» TASK DETAILS
In the entries below, find the line with "りんご向けコンパクト選果機" and the line with "Od meczu w 1/8"; copy them and every line between them exactly, but not the pictures.

» EXTRACTED ENTRIES

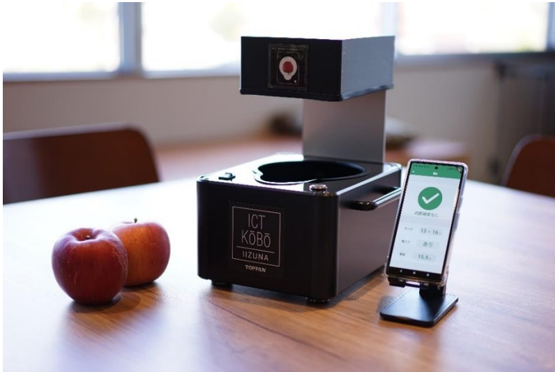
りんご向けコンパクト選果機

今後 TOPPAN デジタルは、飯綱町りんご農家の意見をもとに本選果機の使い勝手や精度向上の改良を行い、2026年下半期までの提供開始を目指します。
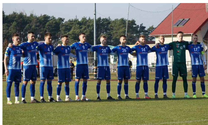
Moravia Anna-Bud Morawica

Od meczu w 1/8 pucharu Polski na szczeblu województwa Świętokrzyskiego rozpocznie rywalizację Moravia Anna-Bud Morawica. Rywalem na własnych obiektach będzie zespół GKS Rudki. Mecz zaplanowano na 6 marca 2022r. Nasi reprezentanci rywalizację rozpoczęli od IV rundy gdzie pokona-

---

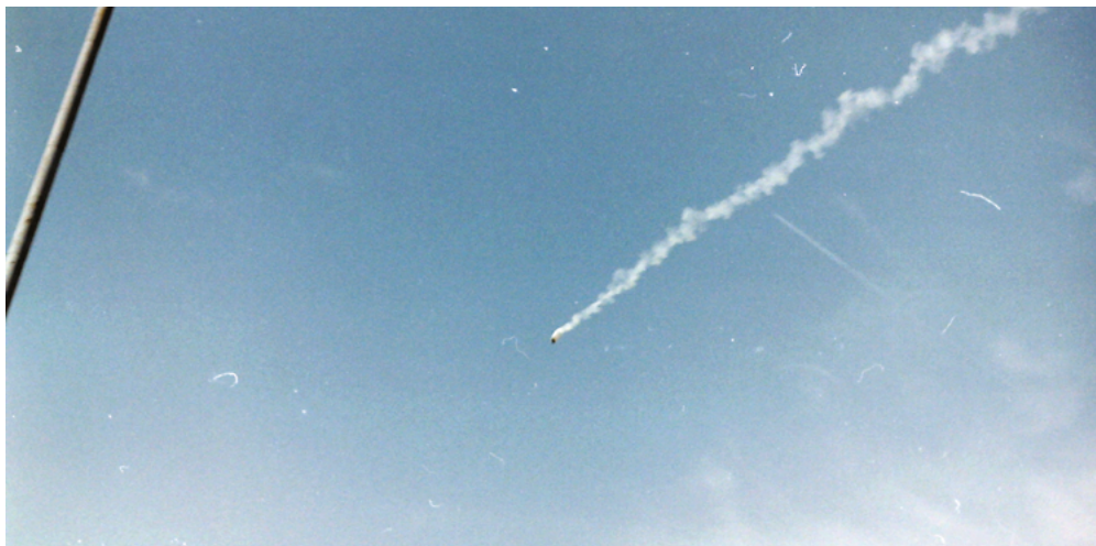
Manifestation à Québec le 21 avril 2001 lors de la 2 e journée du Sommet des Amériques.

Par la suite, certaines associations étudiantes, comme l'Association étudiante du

» WRITTEN SOLUTION
りんご向けコンパクト選果機

今後 TOPPAN デジタルは、飯綱町りんご農家の意見をもとに本選果機の使い勝手や精度向上の改良を行い、2026年下半期までの提供開始を目指します。
Moravia Anna-Bud Morawica

Od meczu w 1/8 pucharu Polski na szczeblu województwa Świętokrzyskiego rozpocznie rywalizację Moravia Anna-Bud Morawica. Rywalem na własnych obiektach będzie zespół GKS Rudki. Mecz zaplanowano na 6 marca 2022r. Nasi reprezentanci rywalizację rozpoczęli od IV rundy gdzie pokona-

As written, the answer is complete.